说完,朱天磊便快步的走下楼梯,很快的出了别墅口。
这一次,青龙没有再追过来。
朱天磊看着别墅里郁郁葱葱的绿植,还有别墅外面茂盛的好像绿色天空一样的爬山虎,眼神暗了一下,之后,快步的走了出去。
薛老爷子的脉象不仅是油尽灯枯之相,还有最重要的一点,薛老爷子的体内有蛊。
机缘巧合,如果不是之前苏姝给了他一个笔记本,他还真的不知道薛老爷子身体里莫名翻涌的东西是什么。
老爷子身体里的蛊,是一种反噬蛊。
天地之道,有生就有死,有恶就有善,不管是从事阴阳的先生还是玩弄蛊虫巫术的神婆,做过的每一件事最后都是会按照善恶来承受反噬的,当然,如果用于善,那就是福寿,得到的都是好的,反之亦然。

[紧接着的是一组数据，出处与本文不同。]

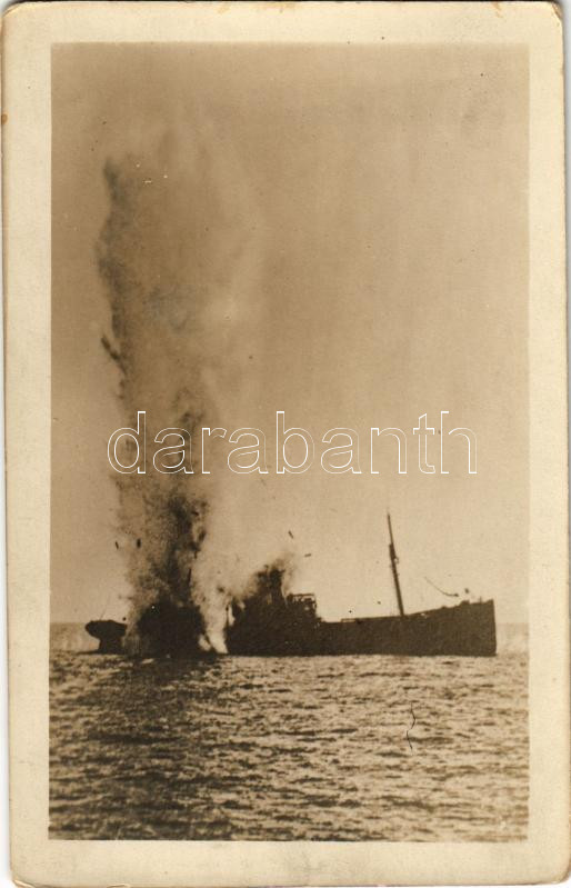 Leírás: Osztrák-magyar haditengerészet torpedózás közben / K.u.K. Kriegsmarine / WWI Austro-Hungarian Navy torpedoing an enemy ship. photo (Rb)
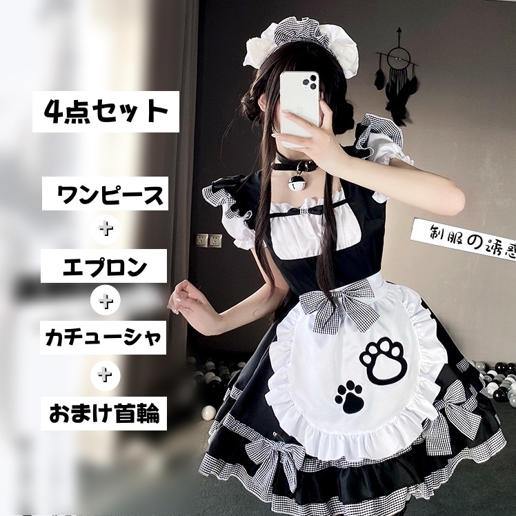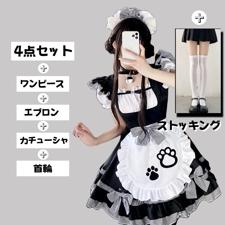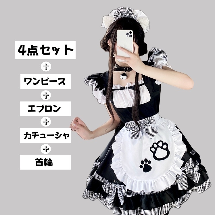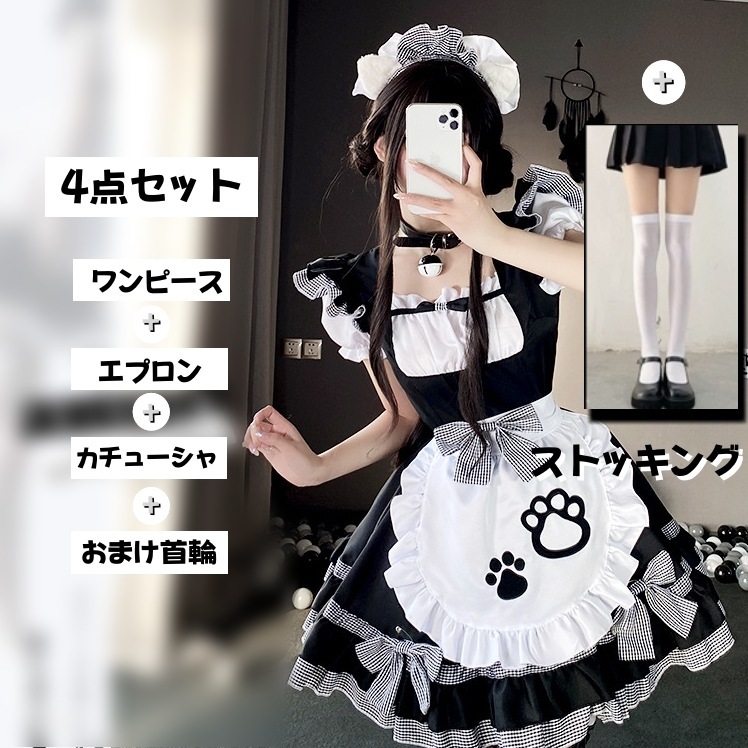 新型メイド服セット 可愛いロリータ コスチューム 白黒メイド服 ハロウィン コスプレ 仮装 サイズ ワンピース マルチスタイルセット クリスマス衣装
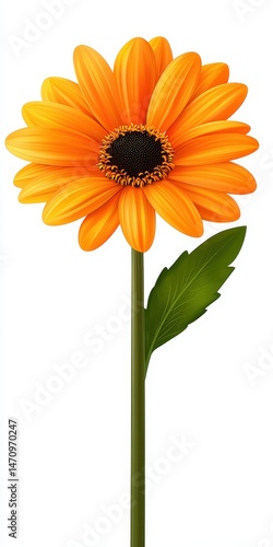 Vibrant Orange Gerbera Daisy on White Background
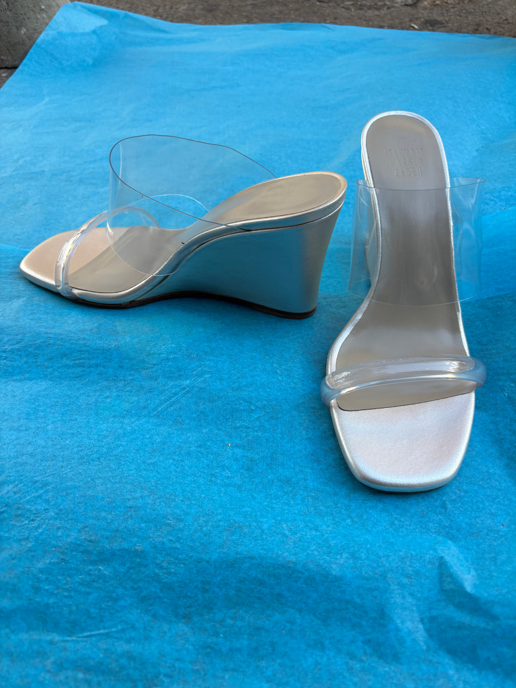 High wedges with two clear perspex bands. 8cm heel. Fits true to size.
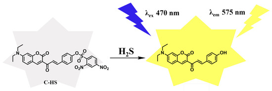 Hydrogen sulfide (H2S), which smells like rotten eggs, is an important endogenous signaling molecule in many physiological processes and has attracted a lot of attention. Endogenous H2S is usually produced by three unique enzymatic reactions, including cystathionine-β-synthetase (CBS), cystathionine-γ-lyase (CSE), and 3-mercaptopyruvate sulfurtransferase (3-MST) [1,2,3,4,5,6]. Studies have shown that the catalytic enzymes of endogenous H2S are distributed in various tissues of the body, and it has been shown that H2S plays a crucial role in a lot of physiological and pathological processes, such as neurotransmission, vasodilation, cardiac protection, angiogenesis, apoptosis, islet secretion, and anti-inflammation [6,7,8,9,10,11]. However, abnormal H2S levels could be very harmful to the body, causing diseases including Alzheimer’s disease, Down’s syndrome, diabetes, and cirrhosis [4,12,13,14,15]. Therefore, it is necessary to measure the content of endogenous H2S, which is to the benefit of understanding how H2S affects physiological activity and causes disease.
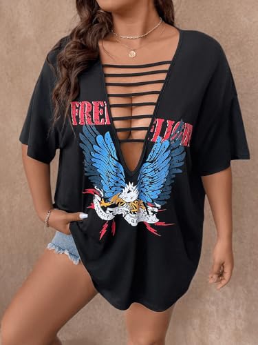 SOLY HUX Women's Plus Size Letter Graphic Tees Cut Out Deep V Neck Half Sleeve T Shirts Tops 5
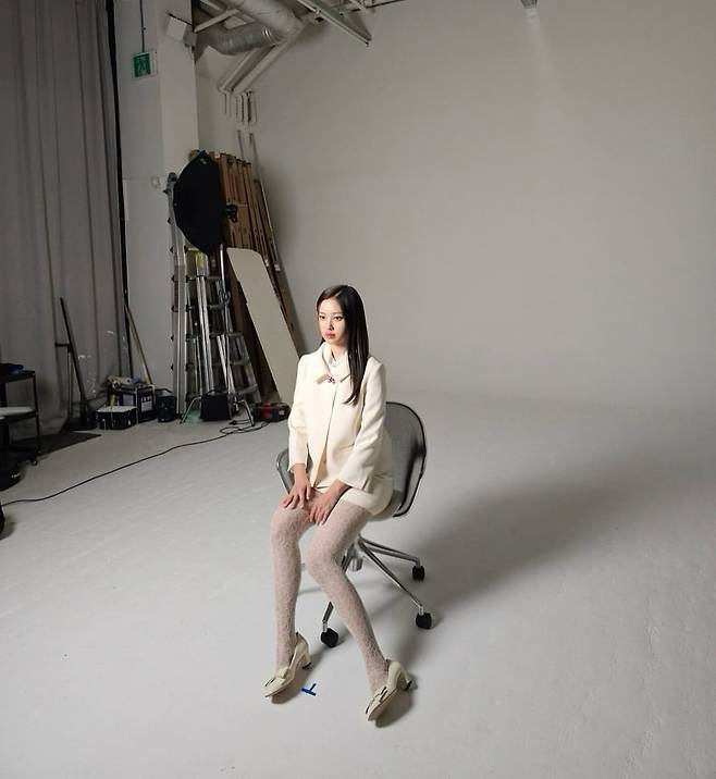 최리는 화이트 재킷과 레이스 패턴의 타이츠를 매치해 우아하면서도 독특한 분위기를 연출했다. 여기에 크림색 로퍼를 더해 전체적인 톤을 맞추며 차분한 이미지를 강조했다. 심플한 배경 속에서 돋보이는 이 스타일은 깔끔하면서도 개성을 살린 포인트가 돋보인다.

而薛老爷子身体里的这种蛊则更为直接,下这种蛊的代价就是反噬,他用蛊的频率越高强度越大,反噬就越厉害,按照薛老爷子现在的情况来看,他这个蛊下的时间不短了,而且那个被下蛊的人情况也好不到哪去。
这是一种十分邪门的蛊,几乎是拿自己的命去害人,玉石俱焚。
这样的人,他朱天磊凭什么同情。
很明显,青龙是知道的。
既然如此,他也是帮凶之一,只是不知道,薛老爷子这个蛊是下给了谁。
甩甩脑袋,朱天磊也不愿再想。
反正他和暗影之间的交集原本也并不多,以后也不想有太多的交集,只要暗影不危害到他的利益,那薛任是死是活,暗影何去何从,做什么,都和他没有关系。
只是对于这一次,没有看到于文松,朱天磊觉得有些奇怪。
但随后也就释然了,于文松和薛任一样,和他没什么直接关系,多想无益。
不过车子开到路上,朱天磊开始生出了一种迷茫。
一瞬间不知道自己应该去哪,或者说回到哪。
杨晓雪出事之后,朱天磊就觉得自己似乎一下子就没了方向。
最后,朱天磊不知不觉的就把车开到了云海商业街的附近。
他很久没见到宮彦了。
朱天磊和宮彦接触的次数并不多,加在一起,一只手都数的过来的,宮彦的个性很冷清,但朱天磊和他在一起的时候感觉还是很舒服的,宮彦是那种话不多能给人充分安静空间的人,再浮躁的情绪也能安静下来。
很难得的是,天台外面竟然没有人。
哦,对,宮彦相命是分时间的,并不什么时候都给人看,今天应该不是相命的日子。
朱天磊刚走到门口,门就被打开了,子稠稚嫩的脸从门后探了出来。
“主人,先生昨天占了一卦,就说您今天会登门。”
自从知道了朱天磊的身份,子稠每次看到朱天磊,就会觉得好像有一股强光从头顶洒下来,让他觉得周身温暖,充满力量。
朱天磊知道宮彦厉害,却没想到宮彦会没事给自己占卦。
要知道,想要宮彦占卦的人简直能从天台一直排到商业街路口还能对折,自己这待遇也真是够高的了。
对着子稠点点头,朱天磊跨步进了屋子。
屋子里弥漫着淡淡的香灰味道,并不刺鼻,然而让人心中安宁。
宮彦穿着一身月白色的长褂,站在桌子旁边,很显然,是在迎接朱天磊的到来。
“宮先生的卦真是神了,我这次来拜访先生,完全是无心之举,没想到还是被先生算准了。”
朱天磊淡淡的一笑。
“阴阳八卦,一物从来有一身,一身还有一乾坤,能知万物备与我,肯把三才别立根,天向一中分造化,人与心上起经纶,仙人亦有两般话,道不虚传只在人,万事万物都是遵循这个道理。”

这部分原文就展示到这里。